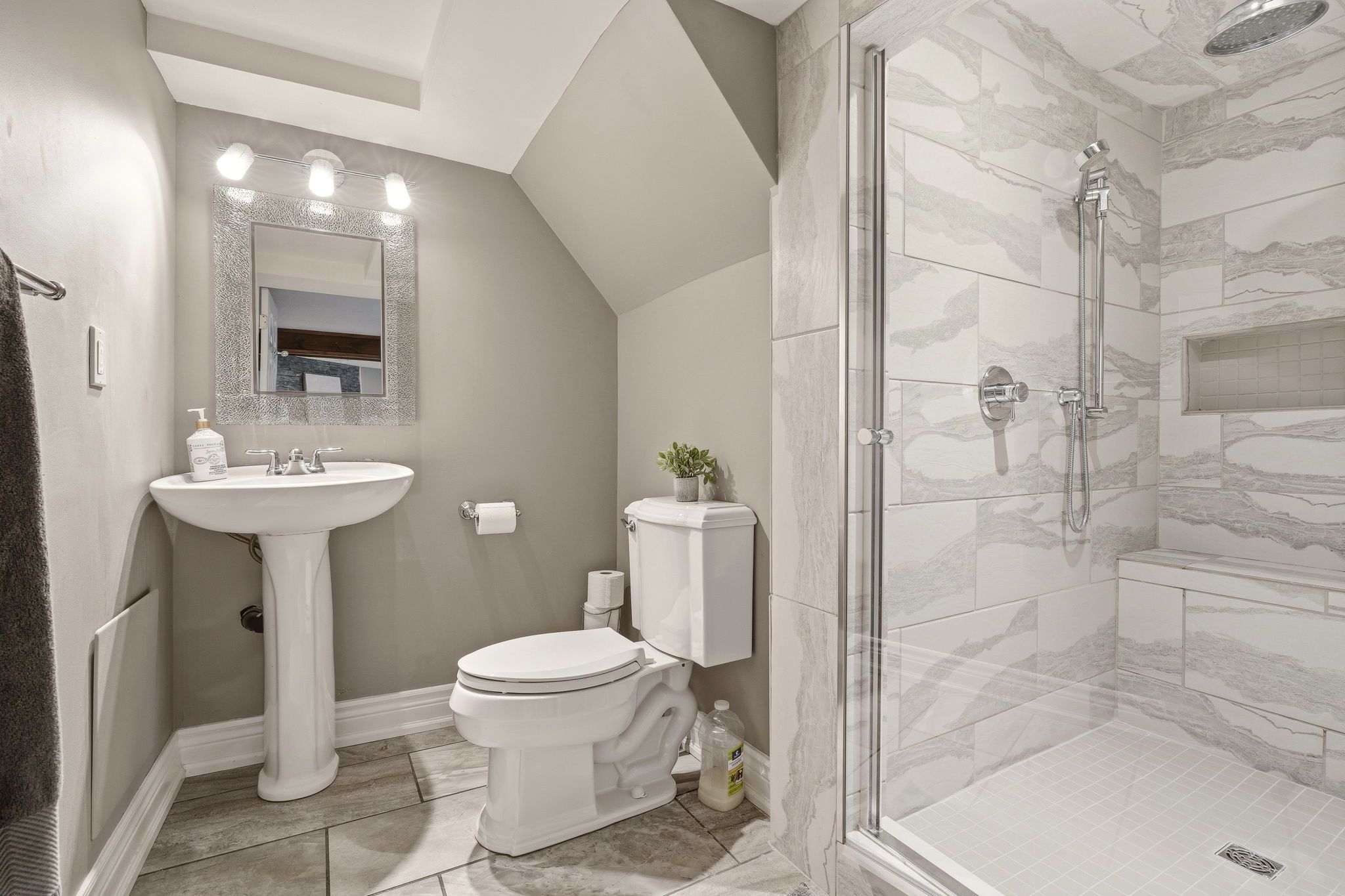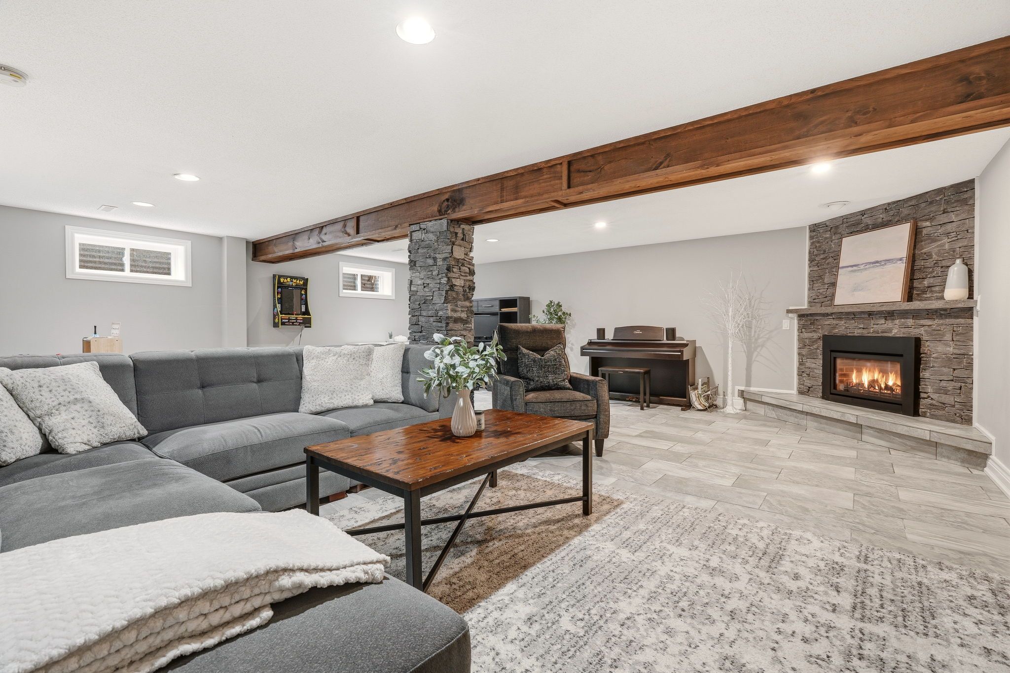 • Cozy lower level with a gas fireplace and additional bedroom.
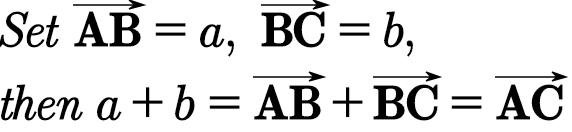 求两个向量和的运算,叫做向量的加法。这种求向量和的方法,称为向量加法的三角形法则。归纳口诀为:“首尾相连连首尾”。
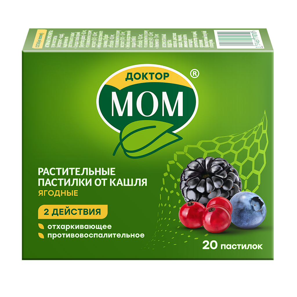 ДОКТОР МОМ РАСТИТЕЛЬНЫЕ ПАСТИЛКИ ОТ КАШЛЯ N20 пастилки ягодн ЮНИКУЕ ФАРМАСЬЮТИКАЛ ЛАБОРАТОРИЕС
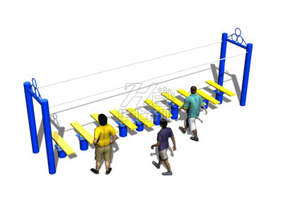 1、通過簡單的配對游戲把團隊成員兩兩搭配,兩人為一組。 2、第一組成員從器材的一端出發,不斷變換身體姿勢,有創造性地、靈活、及時地選擇落腳點,并保持兩人步調的一致性。 3、其他組的成員依此進行。
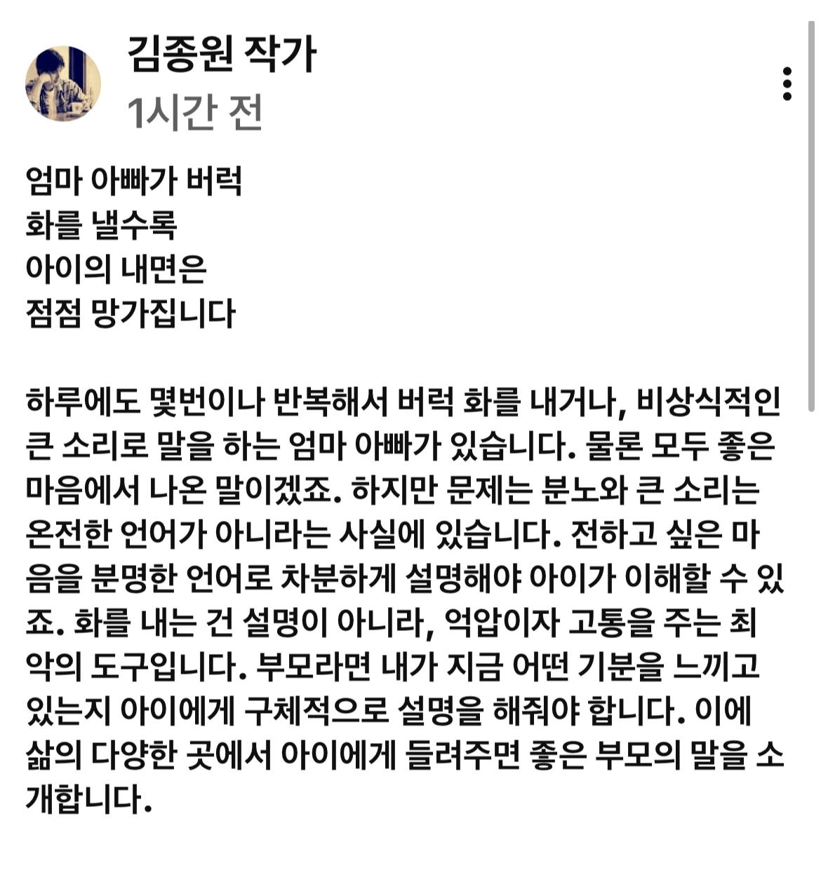 엄마 아빠가 버럭 화를 낼수록 아이의 내면은 점점 망가집니다
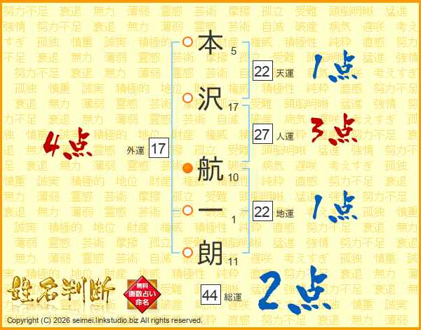 本(5画)沢(17画) 航(10画)一(1画)朗(11画)
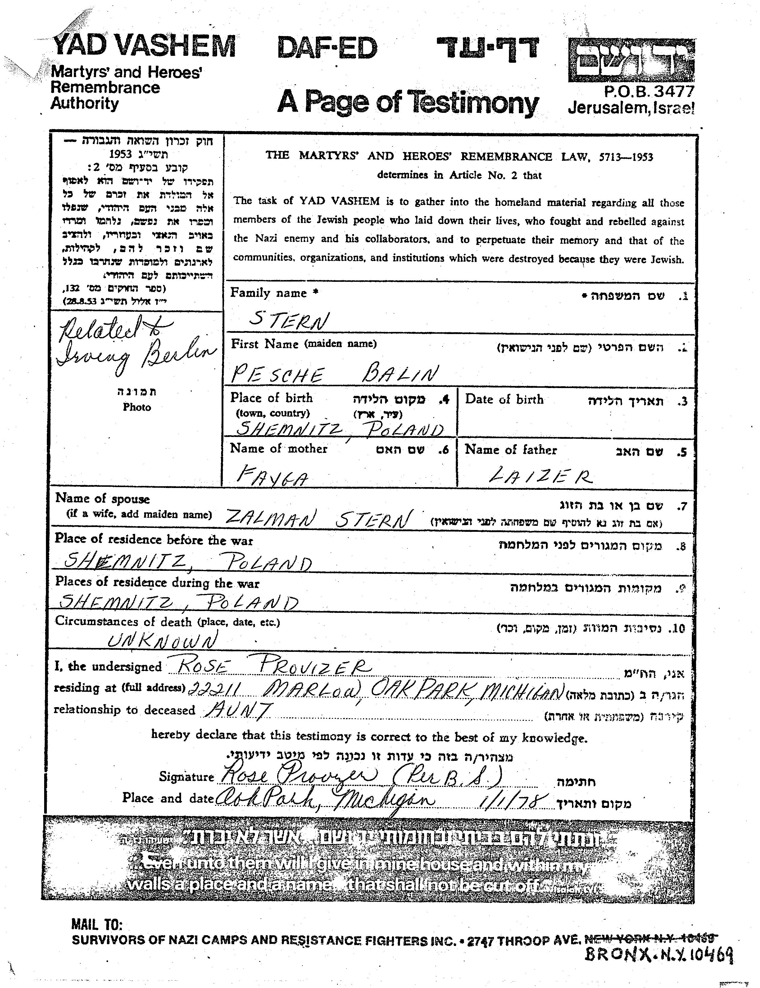 Pesche Stern, geb. Balin wurde in Siemnice, Polen geboren. Sie war die Tochter von Laizer und Fayga. Sie war mit Zalman Verheiratet. Vor dem Zweiten Weltkrieg lebte sie in Siemnice, Polen. Während des Krieges war sie in Siemnice, Polen.
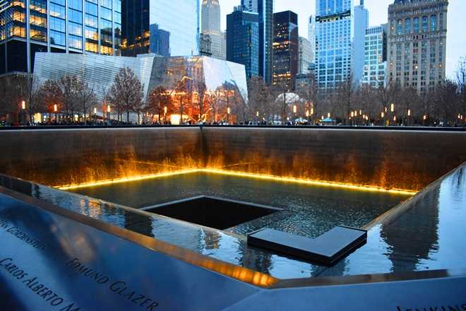 911メモリアル&ミュージアム。特徴的なカーテンウォールの残骸が見える。まさか、911の謎、陰謀論を否定する説明とかあるんだろうか。
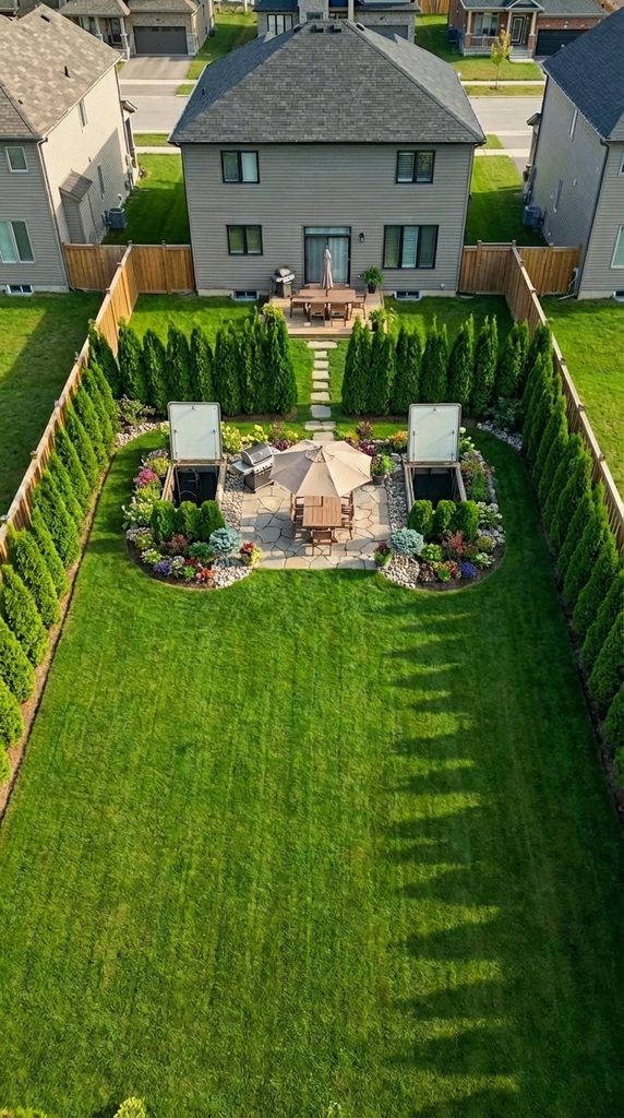 Tall hedges and greenery create privacy and frame the backyard, further blending the entrances into the environment. From both ground level and aerial view, the area appears as a standard, well-maintained yard with no visible signs of underground construction.
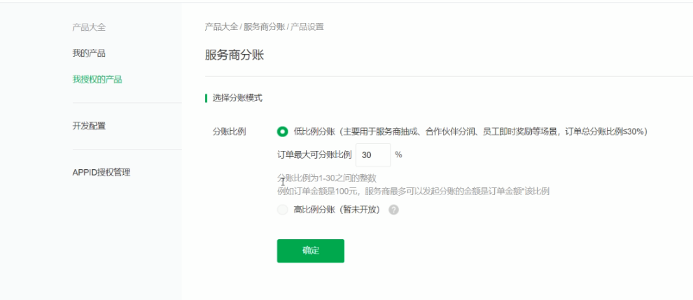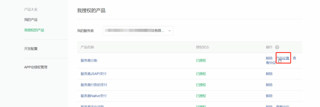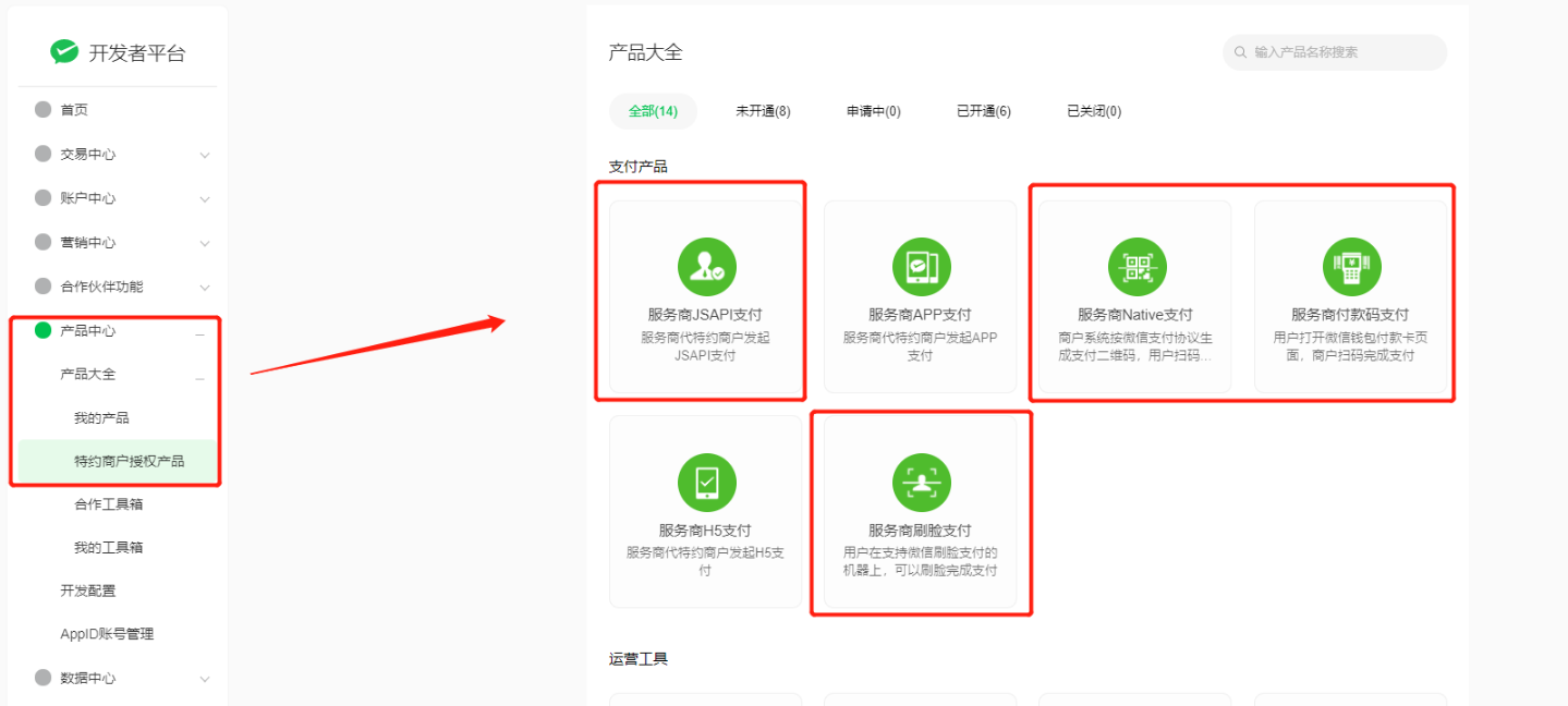 3、服务商的特约商户授权产品要开通服务商JSAPI支付、服务商native支付、服务商扫码支付(即付款码支付)、服务商刷脸支付、服务商分账。
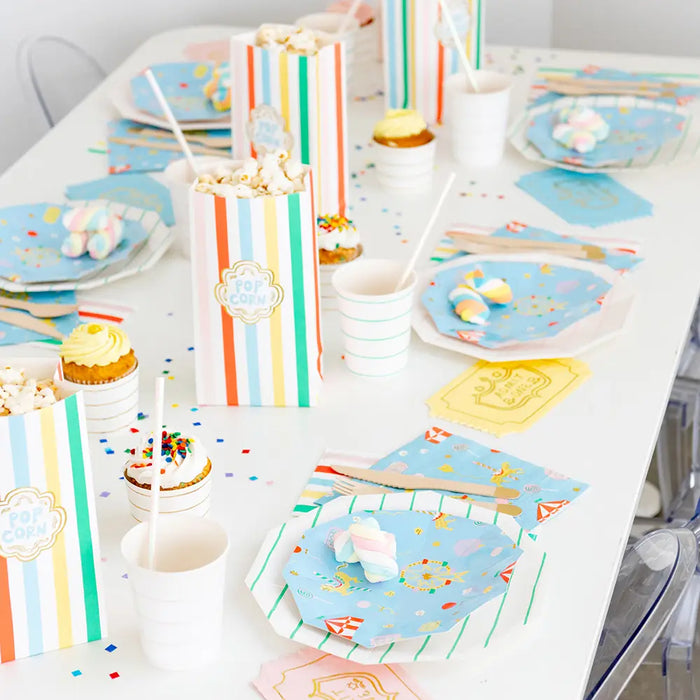 Carousels and cotton candy...oh my! Featuring carnival-inspired colors and pops of gold foil, these favor bags bring all the fair fun! We think they're perfect for fair, carnival, and circus parties!
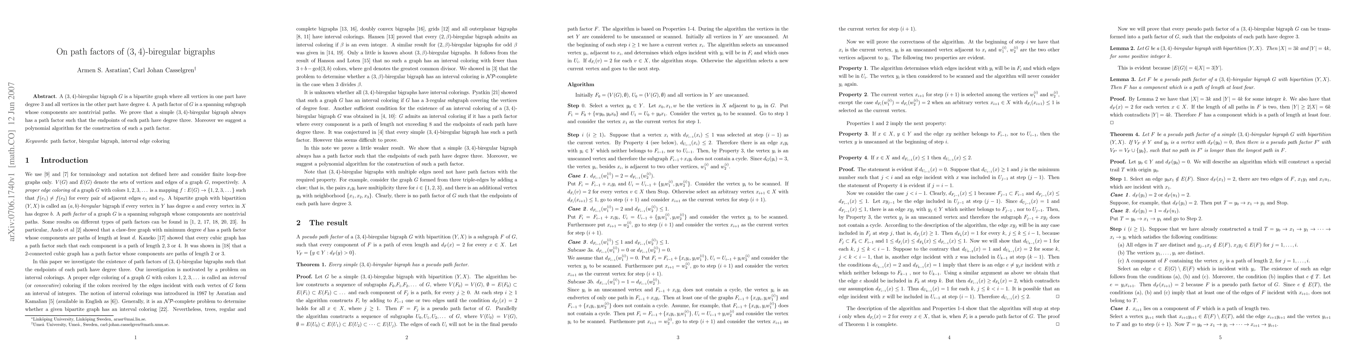 A (3,4)-biregular bigraph G is a bipartite graph where all vertices in one part have degree 3 and all vertices in the other part have degree 4. A path factor of G is a spanning subgraph whose components are nontrivial paths. We prove that a simple (3,4)-biregular bigraph always has a path factor such that the endpoints of each path have degree three. Moreover we suggest a polynomial algorithm for the construction of such a path factor.
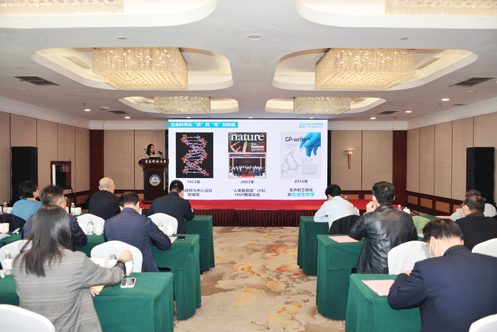 10月24日,beat365正版唯一官网与华大集团交流研讨会在蓝海大饭店东海厅举行。华大集团执行董事、深圳华大生命科学研究院院长徐讯,深圳华大生命科学研究院首席科学家沈玥,华大山东区域总经理、青岛华大基因研究院常务院长刘俊年,青岛中德生态园工委委员、纪工委书记倪艳芬,中国科学院青岛生物能源与过程研究所所长吕雪峰,青岛蔚蓝生物集团有限公司董事长兼总裁陈刚、首席科学家王华明,学校党委书记李兴伟,校长陈克正,党委常委、副校长李少远,党委常委、副校长罗细亮出席会议。

WHAT YOU HAVE TO DO
Every entry above needs to be retyped exactly; drop the pictures.

EXERCISE RESPONSE
 • Cozy lower level with a gas fireplace and additional bedroom.
 求两个向量和的运算,叫做向量的加法。这种求向量和的方法,称为向量加法的三角形法则。归纳口诀为:“首尾相连连首尾”。
 ДОКТОР МОМ РАСТИТЕЛЬНЫЕ ПАСТИЛКИ ОТ КАШЛЯ N20 пастилки ягодн ЮНИКУЕ ФАРМАСЬЮТИКАЛ ЛАБОРАТОРИЕС
 1、通過簡單的配對游戲把團隊成員兩兩搭配,兩人為一組。 2、第一組成員從器材的一端出發,不斷變換身體姿勢,有創造性地、靈活、及時地選擇落腳點,并保持兩人步調的一致性。 3、其他組的成員依此進行。
 엄마 아빠가 버럭 화를 낼수록 아이의 내면은 점점 망가집니다
 本(5画)沢(17画) 航(10画)一(1画)朗(11画)
 Pesche Stern, geb. Balin wurde in Siemnice, Polen geboren. Sie war die Tochter von Laizer und Fayga. Sie war mit Zalman Verheiratet. Vor dem Zweiten Weltkrieg lebte sie in Siemnice, Polen. Während des Krieges war sie in Siemnice, Polen.
 911メモリアル&ミュージアム。特徴的なカーテンウォールの残骸が見える。まさか、911の謎、陰謀論を否定する説明とかあるんだろうか。
 Tall hedges and greenery create privacy and frame the backyard, further blending the entrances into the environment. From both ground level and aerial view, the area appears as a standard, well-maintained yard with no visible signs of underground construction.
 3、服务商的特约商户授权产品要开通服务商JSAPI支付、服务商native支付、服务商扫码支付(即付款码支付)、服务商刷脸支付、服务商分账。
 Carousels and cotton candy...oh my! Featuring carnival-inspired colors and pops of gold foil, these favor bags bring all the fair fun! We think they're perfect for fair, carnival, and circus parties!
 A (3,4)-biregular bigraph G is a bipartite graph where all vertices in one part have degree 3 and all vertices in the other part have degree 4. A path factor of G is a spanning subgraph whose components are nontrivial paths. We prove that a simple (3,4)-biregular bigraph always has a path factor such that the endpoints of each path have degree three. Moreover we suggest a polynomial algorithm for the construction of such a path factor.
 10月24日,beat365正版唯一官网与华大集团交流研讨会在蓝海大饭店东海厅举行。华大集团执行董事、深圳华大生命科学研究院院长徐讯,深圳华大生命科学研究院首席科学家沈玥,华大山东区域总经理、青岛华大基因研究院常务院长刘俊年,青岛中德生态园工委委员、纪工委书记倪艳芬,中国科学院青岛生物能源与过程研究所所长吕雪峰,青岛蔚蓝生物集团有限公司董事长兼总裁陈刚、首席科学家王华明,学校党委书记李兴伟,校长陈克正,党委常委、副校长李少远,党委常委、副校长罗细亮出席会议。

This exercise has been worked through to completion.